___ Recorded data ___

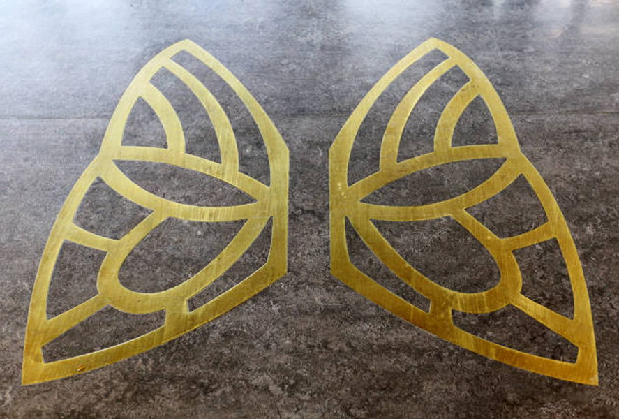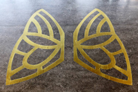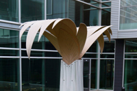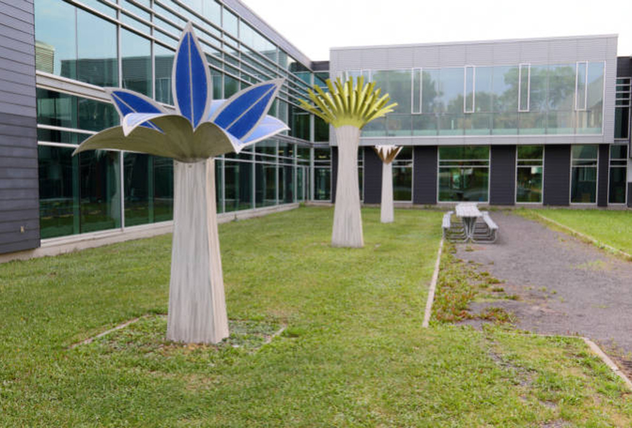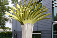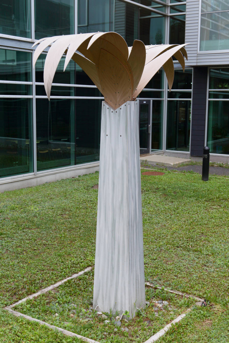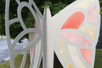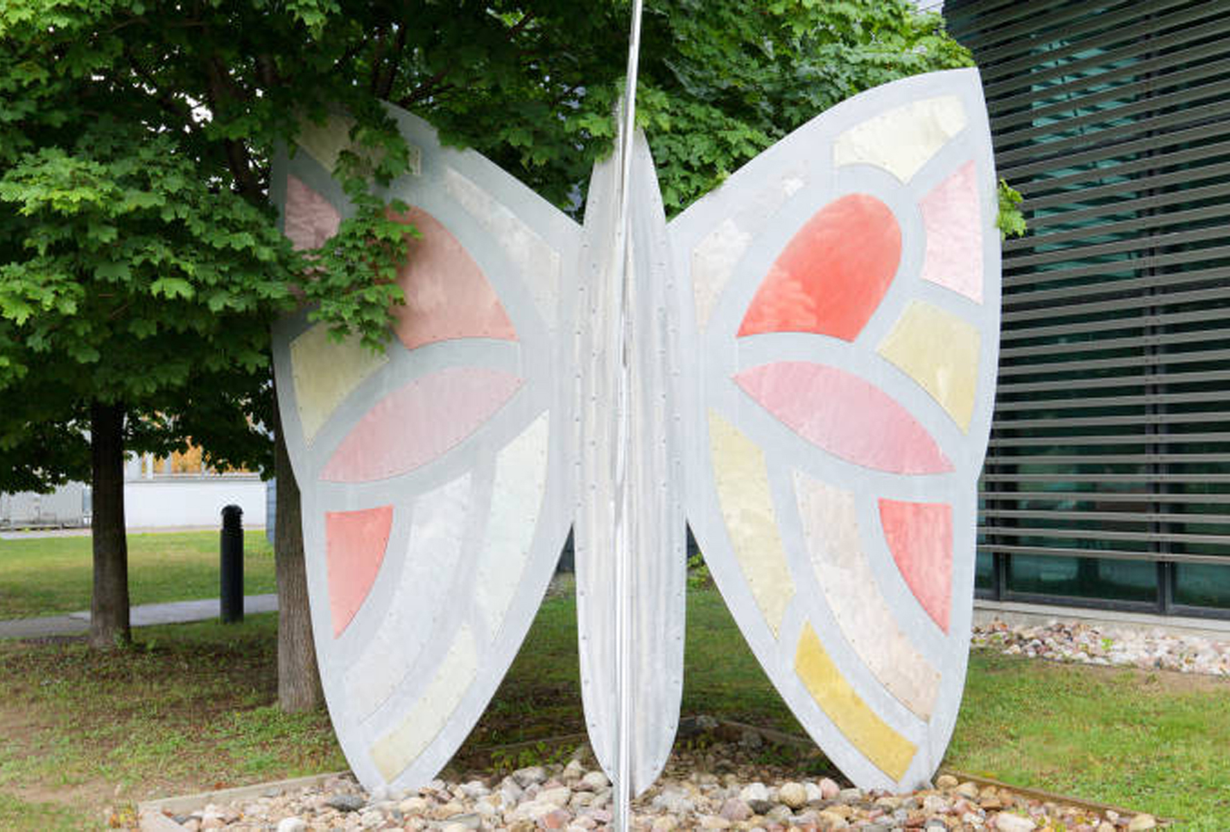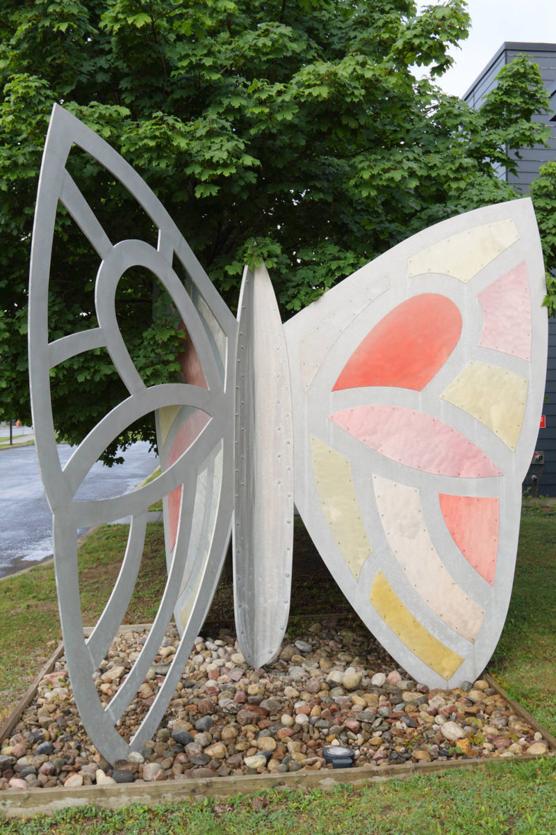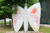 La sculpture représente cinq formes distinctes. La première forme est un papillon qui représente une étape de la chaîne alimentaire. Il s'agit d'un lépidoptère qui surprend par sa force et sa fragilité, mais surtout par sa beauté. Il a trois ailes dont une montre sa structure et fait penser à une dentelle et aux merveilles de la nature. La seconde forme, incrustée au sol, reprend le dessin des ailes du premier papillon. Elle fait le lien entre la première forme et le jardin situé à l'arrière du bâtiment.
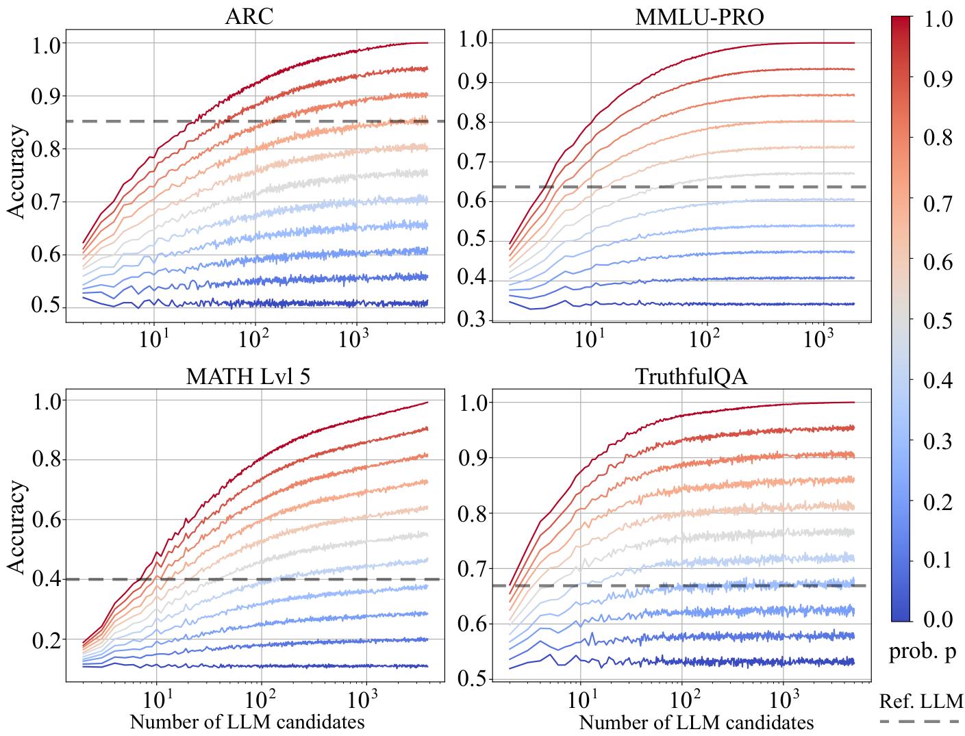 接着他们在 ARC、MMMU-PRO、MATH Lvl 5、TruthfulQA 上,针对不同候选规模 m m m,反复从大池子里均匀采样 m m m 个候选、重复 100 次取平均表现,得到 Fig.2 的趋势:当 router 更强时,随着候选数增加性能会更快提升;论文特别指出在 p ≥ 0.5 p \ge 0.5 p≥0.5 时提升更明显。
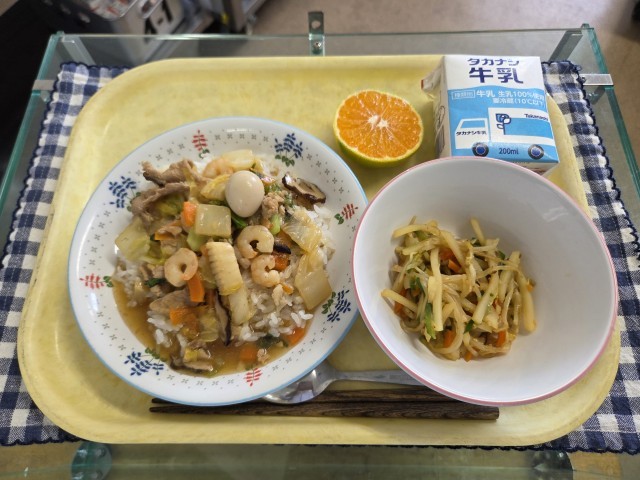 献立:中華丼、しゃきしゃき芋ナムル、みかん、牛乳です。

___

(What the task requires) Copy out the data exactly and keep the pictures out.

(Exercise solution)
 La sculpture représente cinq formes distinctes. La première forme est un papillon qui représente une étape de la chaîne alimentaire. Il s'agit d'un lépidoptère qui surprend par sa force et sa fragilité, mais surtout par sa beauté. Il a trois ailes dont une montre sa structure et fait penser à une dentelle et aux merveilles de la nature. La seconde forme, incrustée au sol, reprend le dessin des ailes du premier papillon. Elle fait le lien entre la première forme et le jardin situé à l'arrière du bâtiment.
 接着他们在 ARC、MMMU-PRO、MATH Lvl 5、TruthfulQA 上,针对不同候选规模 m m m,反复从大池子里均匀采样 m m m 个候选、重复 100 次取平均表现,得到 Fig.2 的趋势:当 router 更强时,随着候选数增加性能会更快提升;论文特别指出在 p ≥ 0.5 p \ge 0.5 p≥0.5 时提升更明显。
 献立:中華丼、しゃきしゃき芋ナムル、みかん、牛乳です。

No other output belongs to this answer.